Being that the main way I make money is in helping people with computers, knowing and understanding all these new things is a necessary practice I can’t just sit it out. Seeing Daniel Roher struggle with all this while in the film, using his sketchbook to communicate his ideas and internal feelings, along with animated segments of conversations with his reasonable wife Caroline, were some great segments of the film. I connected with this as well as someone who draws himself. The big shift from talking to experts to those in charge of these companies is one of the better final acts of a documentary I’ve seen in a long time.

While I ended up taking a longer bit of time to finish this review, so much has changed since this film came out. Even when I saw it before it was released, it felt a little bit behind already. Pete Hegseth tried to destroy Anthropic because they said no to him, Sam Altman and OpenAI slid right in to that spot. Issues with Microsoft’s Copilot abound, and the Chinese company ByteDance, after selling the US section of TikTok, just put out their video AI generative model that took the world by surprise one weekend and put all the US companies on notice. So seeing these heads talk calmly about their plans, answering Daniel’s questions, was interesting, even as one of them was missing (Elon, of course), but then we get to Sam Altman.

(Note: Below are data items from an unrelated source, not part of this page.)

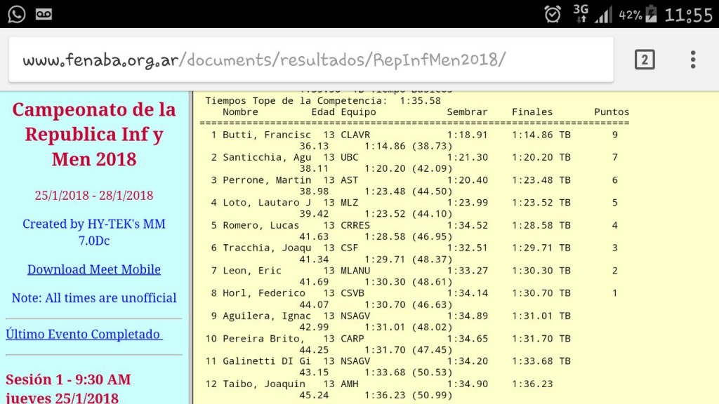 Se está desarrollando en Cipolletti, Río Negro, el Campeonato Nacional de Natación para nadadores Infantiles y Menores. En la primera jornada, Francisco Butti (Los Andes) fue 1° en 100 metros pecho consagrándose campeón Nacional. Están participando también, Dolores Malacalza y Clementina Butti (Los Andes), Bianca Lamberti (Defensores) y Agustín Degliantoni (Náutico).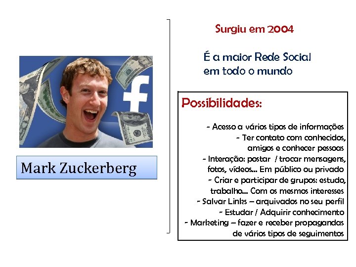 Surgiu em 2004 É a maior Rede Social em todo o mundo Possibilidades: Mark Zuckerberg - Acesso a vários tipos de informações - Ter contato com conhecidos, amigos e conhecer pessoas - Interação: postar / trocar mensagens, fotos, vídeos. . . Em público ou privado - Criar e participar de grupos: estudo, trabalho. . . Com os mesmos interesses - Salvar Links – arquivados no seu perfil - Estudar / Adquirir conhecimento - Marketing – fazer e receber propagandas de vários tipos de seguimentos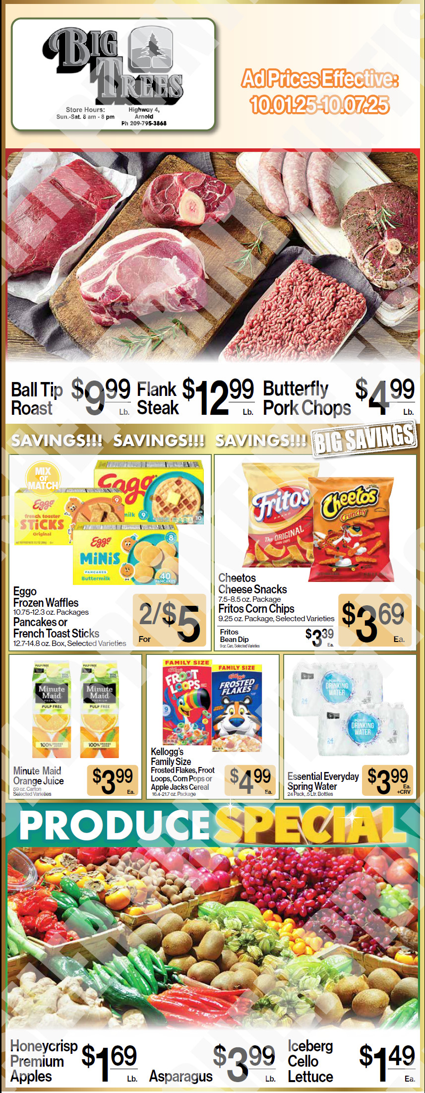 Arnold, CA…Big Trees Market Weekly Ad, Grocery, Produce, Meat & Deli Specials Through October 7th! Shop Local & Save! Big Trees Market is working hard to keep the shelves stocked for you! Part of your community for generations. Click on an image below for full sized version.

Sam Altman is the public figurehead of OpenAI, the owner of ChatGPT, and the first AI application that caught on with the public. Altman clearly wants to be the new Tech guru, which leads to his issues with Elon Musk, but clearly he wants the space Steve Jobs held and his seemingly quiet, shy guy persona, and telling people they should be restrictions and rail guards. He’s clearly figured out this role better than Mark Zuckerberg, and you can see how well this works in the film. A lot of this is all lies and manipulation, but we want to believe in the future sold to us in fiction, and we want to be safe.

Production still from directors Daniel Roher and Charlie Tyrell’s THE AI DOC: OR HOW I BECAME AN APOCALOPTIMIST, a Focus Features release.
Courtesy of Focus Features. © 2025 All Rights Reserved.

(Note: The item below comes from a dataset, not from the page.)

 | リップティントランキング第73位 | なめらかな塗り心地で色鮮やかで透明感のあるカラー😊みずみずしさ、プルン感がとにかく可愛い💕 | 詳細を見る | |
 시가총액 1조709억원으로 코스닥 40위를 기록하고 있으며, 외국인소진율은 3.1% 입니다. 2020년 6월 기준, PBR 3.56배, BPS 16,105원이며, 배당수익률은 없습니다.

His parts of the third act of the film overshadow the interview with the Microsoft AI head, the top Google person of AI, and even Dario Amodei, the CEO of Anthropic, who left OpenAI to start his company. I think the end of the film, while fine and feels like a perfect place most of us are with AI, it’s the Altman part that rings a bit more important right now. I haven’t read the Ronan Farrow huge investigative piece at the New Yorker about Altman to make me feel this way. It’s just watching the news and seeing how people are shifting on all of this, and I feel The AI Doc connects to the zeitgeist in the most needed way. The film is a must-see and something worth revisiting even more so later this year as things shift even more in our crazy world.